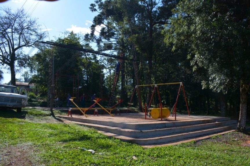 Construcción de plateas, instalación de juegos infantiles (subibajas, hamacas y chancha), colocación de techo para SUM, son algunos de los trabajos que se están llevando a cabo en el Barrio Ecológico.
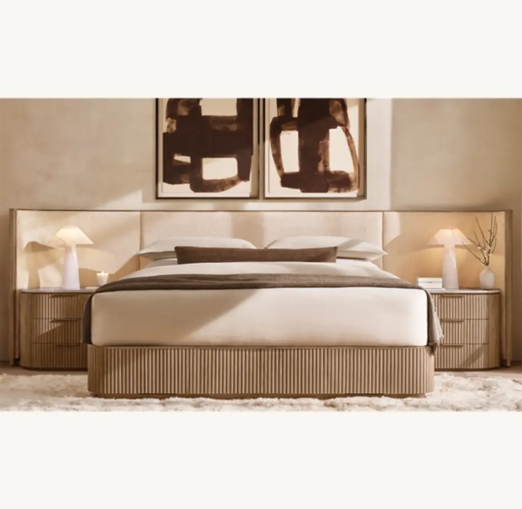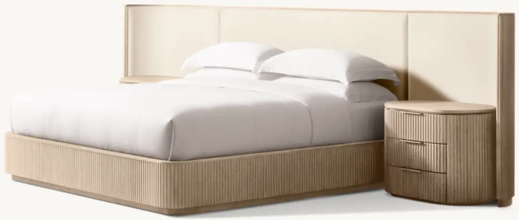 The bold shapes of our collection from Harrison and Nicholas Condos recall the proportions and fluid curves of postmodernism, while vertical reeding lends a classical counterpoint. The geometric frames, crafted of American white oak, appear to float on recessed plinth bases, casting a crisp shadow line.SHOP THE ENTIRE COLLECTIONSHOP ALL MATTRESSES
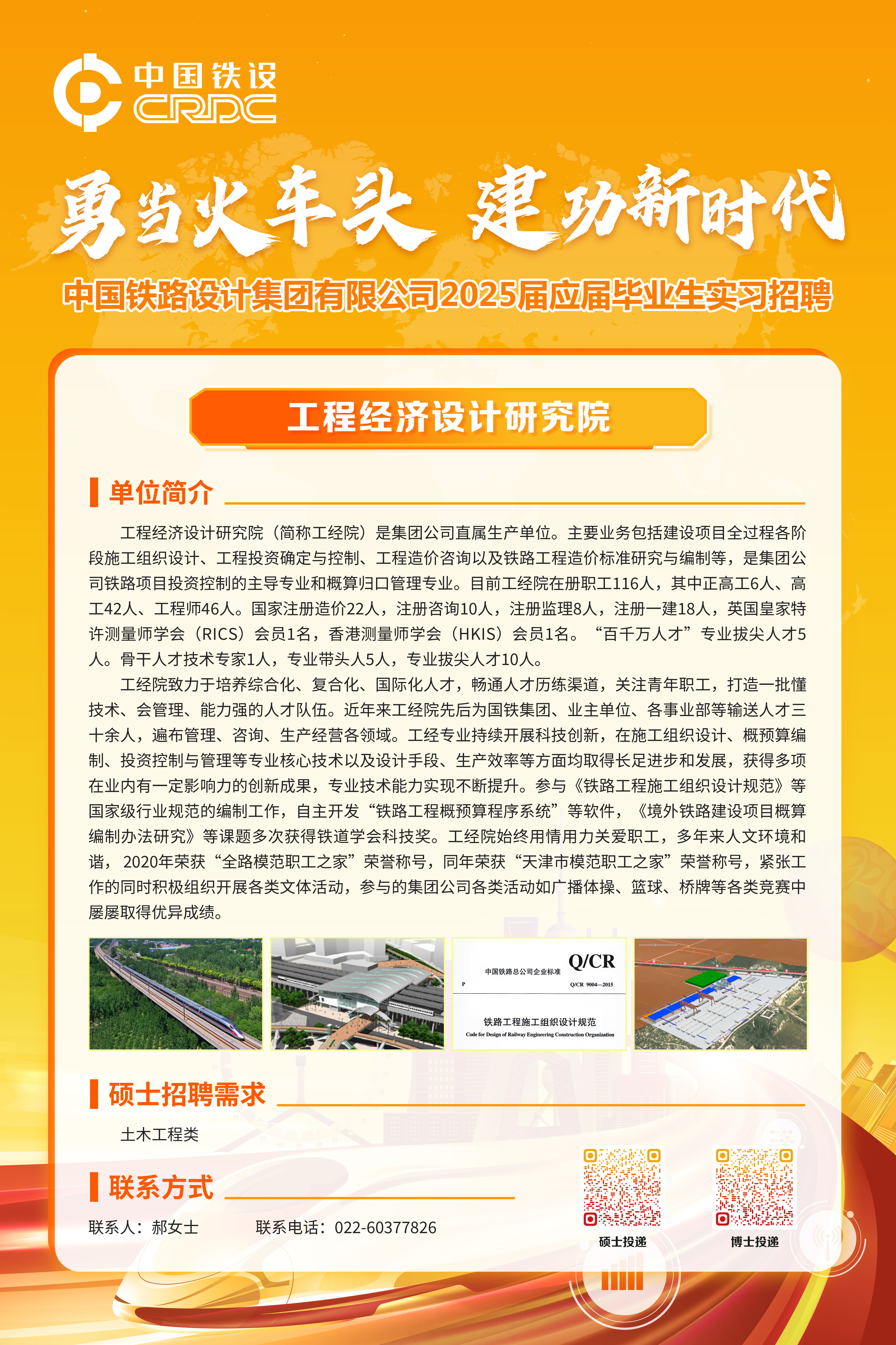 重磅!中国铁设2025届应届硕士毕业生实习招聘

■ **WHAT THE TASK ASKS**: Retype all of the material above exactly; the pictures stay out.

■ **EXERCISE OUTPUT**:
 Construcción de plateas, instalación de juegos infantiles (subibajas, hamacas y chancha), colocación de techo para SUM, son algunos de los trabajos que se están llevando a cabo en el Barrio Ecológico.
 The bold shapes of our collection from Harrison and Nicholas Condos recall the proportions and fluid curves of postmodernism, while vertical reeding lends a classical counterpoint. The geometric frames, crafted of American white oak, appear to float on recessed plinth bases, casting a crisp shadow line.SHOP THE ENTIRE COLLECTIONSHOP ALL MATTRESSES
 重磅!中国铁设2025届应届硕士毕业生实习招聘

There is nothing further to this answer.